Figure 9 and Table 2 show that the precision of PCCO outside the network significantly increased in the E direction and was similar to the N direction with RSDI. The accuracy of the U direction is improved for stations within about 400 km, but the positioning accuracy decreased with the increase of distance. The results of two stations (P229 and P571) cannot be converged to 10 cm within 1 h by RSDI. The convergence speed and position accuracy of all stations outside the network were significantly improved by PCCO by 65.9% and 36.1% on average in comparison with RSDI except P299 and P571, respectively.

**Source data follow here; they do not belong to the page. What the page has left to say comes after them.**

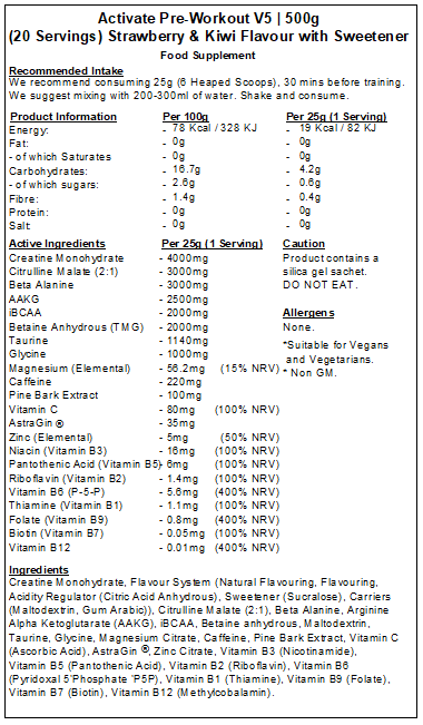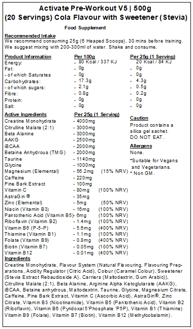 Activate is specifically formulated to enhance athletic performance and mental alertness. Activate includes a combination of ingredients at powerful yet safe doses to help increase training intensity. A full ingredient list and dosages are stated in the nutritional information tab.
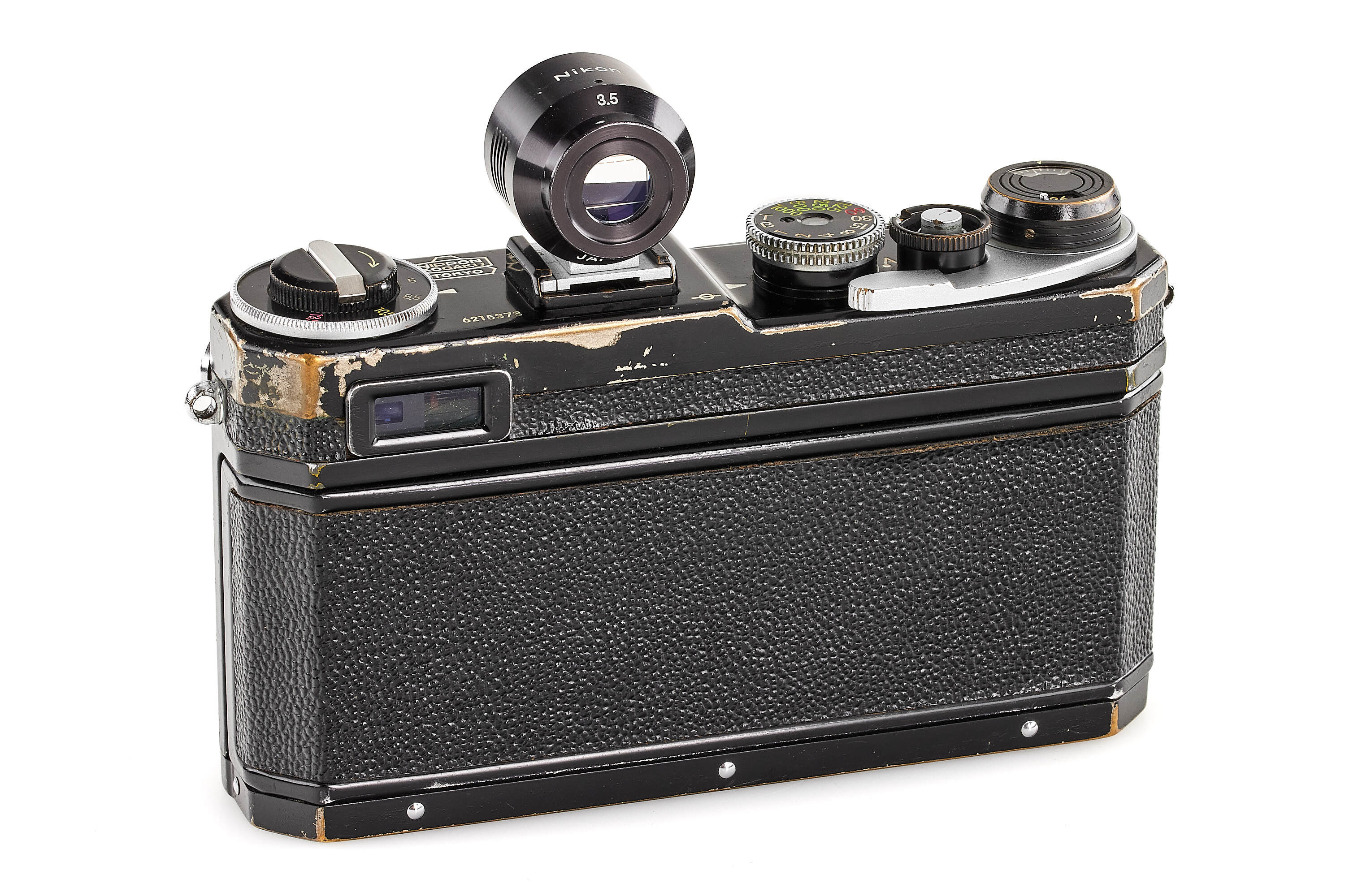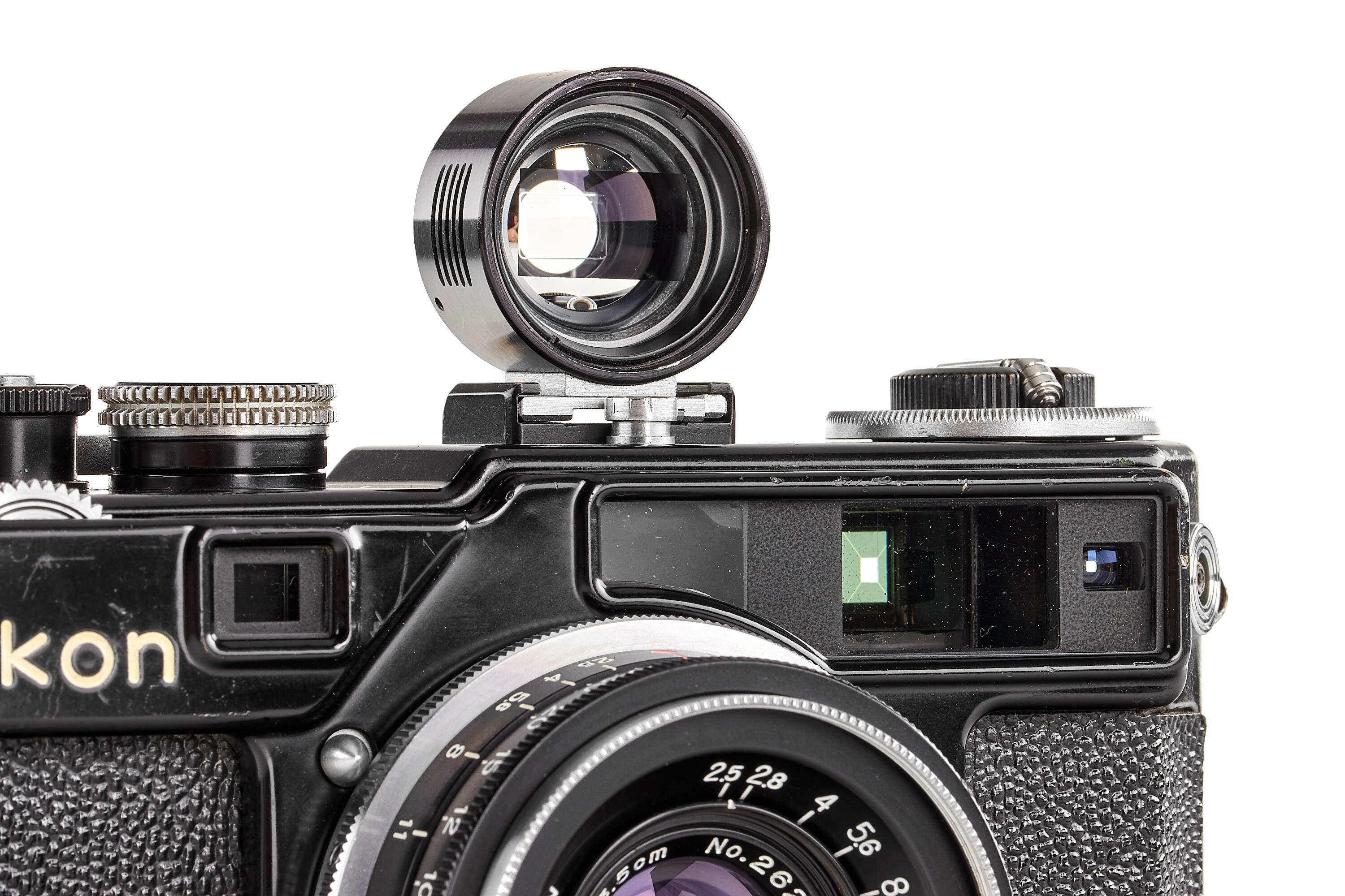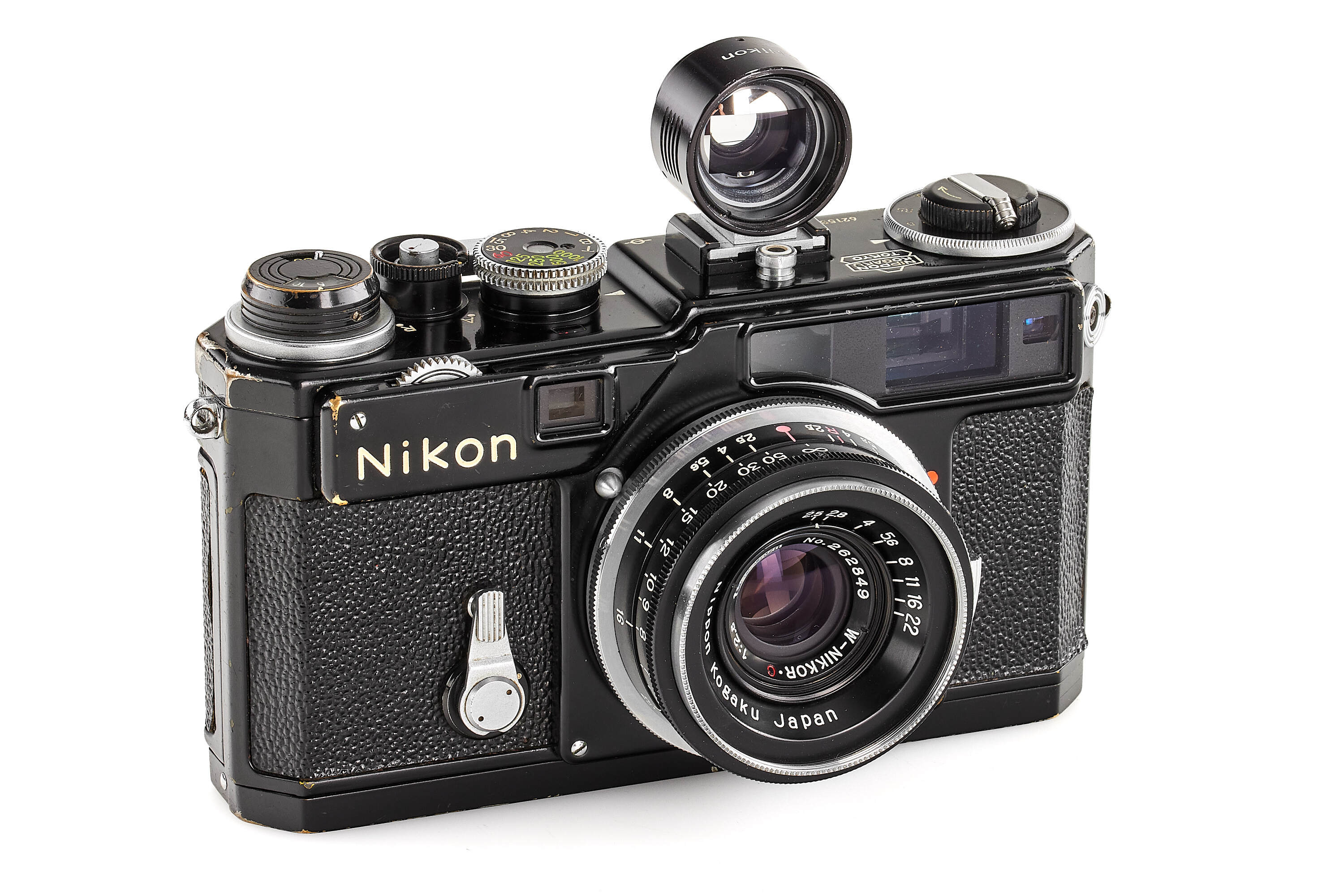 Beautiful original black paint body, in very good condition, with Titanium foil shutter curtains, with 2nd type black W-Nikkor-C 2.5/3.5cm no.262849, with final design finder 3.5cm with 'Nikon' engraving, with late Nikon light-meter, with booster (cracked).
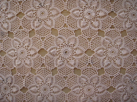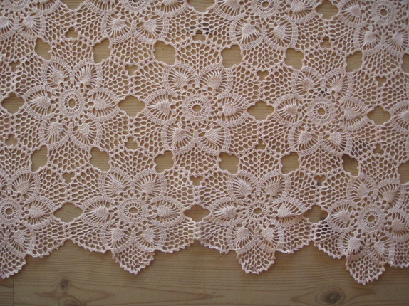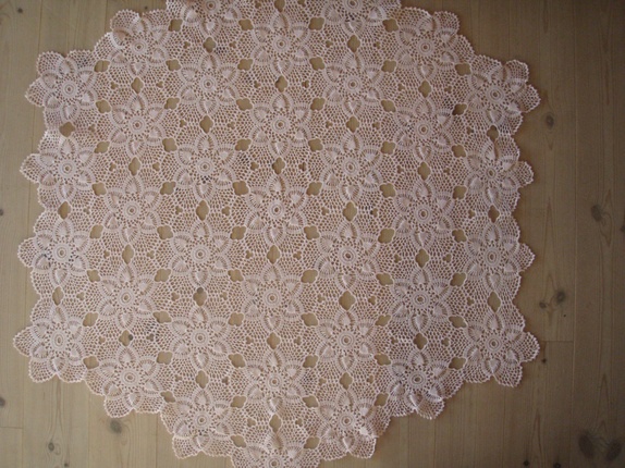 Sekskantet duk satt sammen av små brikker med blomstermotiv.Heklet i tynt. lysrosa bomullsgarn.ca 110 cm i diameter.
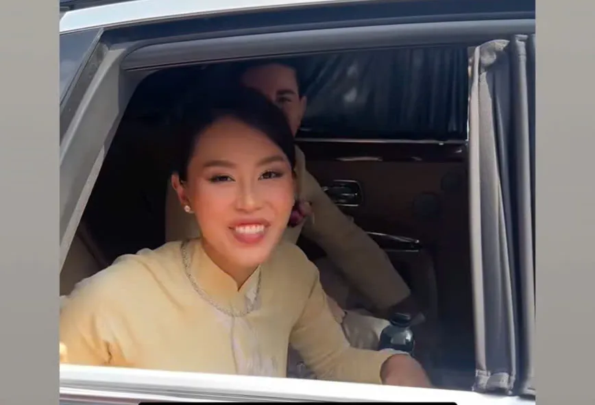 tỷ phú Johnathan Hạnh Nguyễn và phu nhân Thủy Tiên trở thành tâm điểm khi xuất hiện trong ngày trọng đại của con gái. Ông bà đón khách và thoải mái để truyền thông tác nghiệp, thể hiện sự cởi mở hiếm thấy trong sự kiện riêng tư của gia đình.
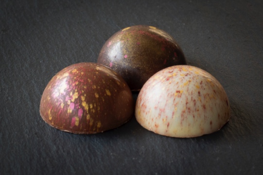 karamell alapú kardamomos meggy krémmel töltött bonbon – (cukor, glükóz,meggy-püré, kardamom, fehér csokoládé, konyak)
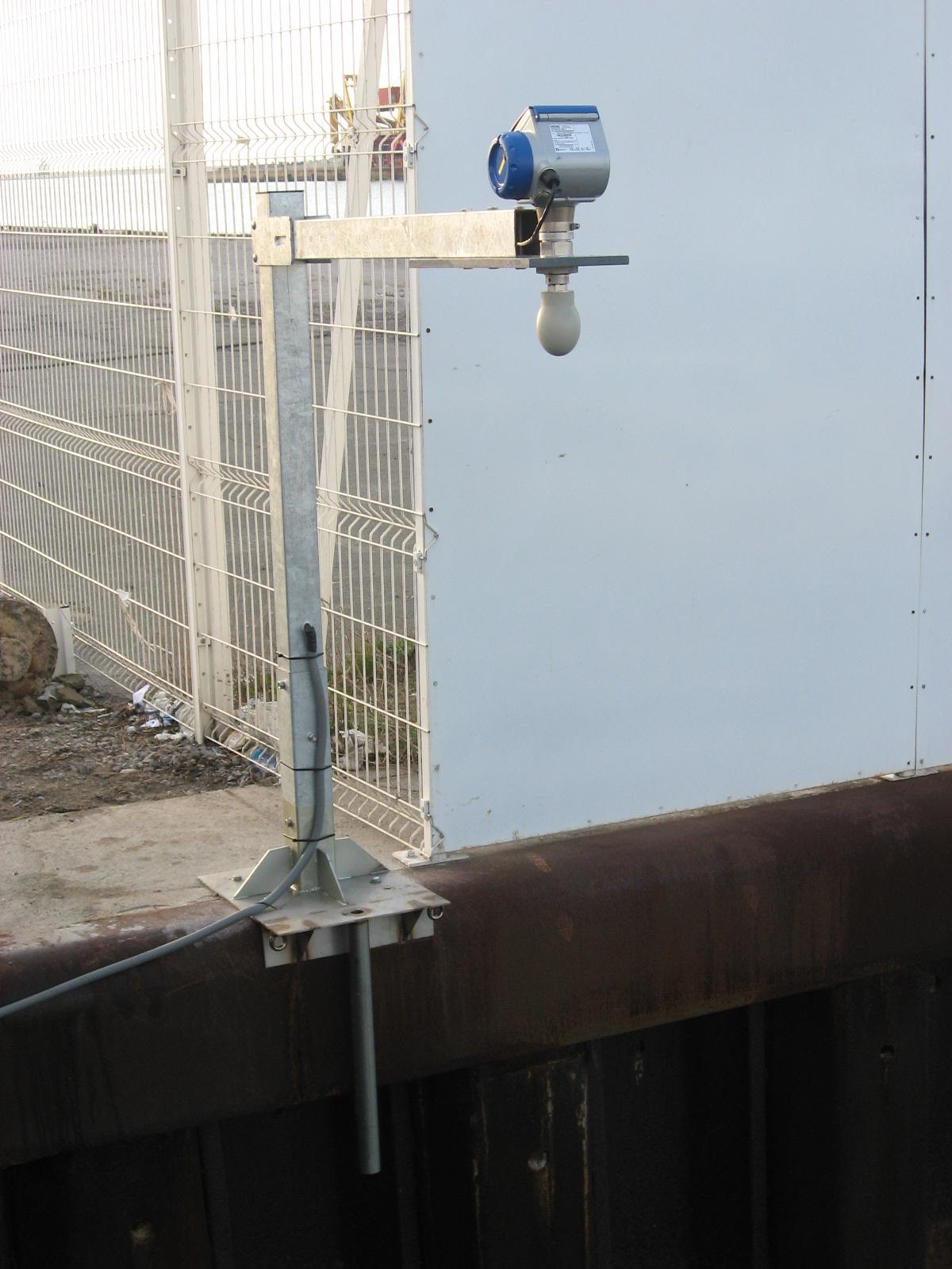 Suite à de nombreux problèmes liés à l’envasement du port de Calais entraînant une perte de données (ou des doutes dans celles-ci), un nouveau type de capteur radar (Khrone Optiwave) a été installé. Ce dernier, [*fixé en plein air au bout d’une potence*] (cf. image ci-contre, à gauche), s’affranchit ainsi des problèmes d’envasement du puits de tranquillisation, et des erreurs de filtrage non-linéaire qui peuvent survenir entre l’intérieur et l’extérieur d’un puits de tranquillisation (Voir par exemple l’Annexe C du livre sur "La Marée" par B.Simon, publié par l’Institut Océanographique en 2007).

For the rovers inside and outside the network within a certain distance, real-time PPP could be better achieved on the basis of PCCO. By using PCCO, the position accuracy increased significantly and the convergence speed improved greatly. PCCO can satisfy the cm-level accuracy requirement for stations within 500 km.

5. Conclusions

Satellite clock bias can absorb the projection of orbit error onto the satellite-receiver range. Therefore, an approach is proposed for the coupling estimation of clock bias and orbit error in CORS data processing center. According to the results of the proposed method, the satellite orbit from broadcast ephemeris was enough for PPP in a large-scale area (much larger than the CORS service coverage area) and precise orbit products were no longer needed. An experiment was conducted by using the NGS network observation data. The positioning results were compared with RSDI. The main conclusions are as follows:

The projection of satellite orbit error was similar to the clock bias on PPP; hence, they can be coupled as one parameter for estimation purposes. During PPP by the user, the OMC vectors of GNSS equations by coupling estimation were almost the same as the traditional PPP (with a difference in millimeters). Therefore, the orbit error was availably absorbed by clock bias, whereas the residual unabsorbed orbit error did not affect the positioning in a regional area.

For the stations inside and outside (with a distance less than 500 km) the network, the proposed approach performs better than RSDI. The position accuracy of the stations inside and outside the network improves by 38.8% and 36.1%, respectively, and the convergence speed improves by 61.4% and 65.9%, respectively. This new approach has the advantages of autonomy, real-time processes, and simple parameters, which is an improvement over traditional PPP. It could be an alternative solution for regional positioning service before global PPP service comes into operation.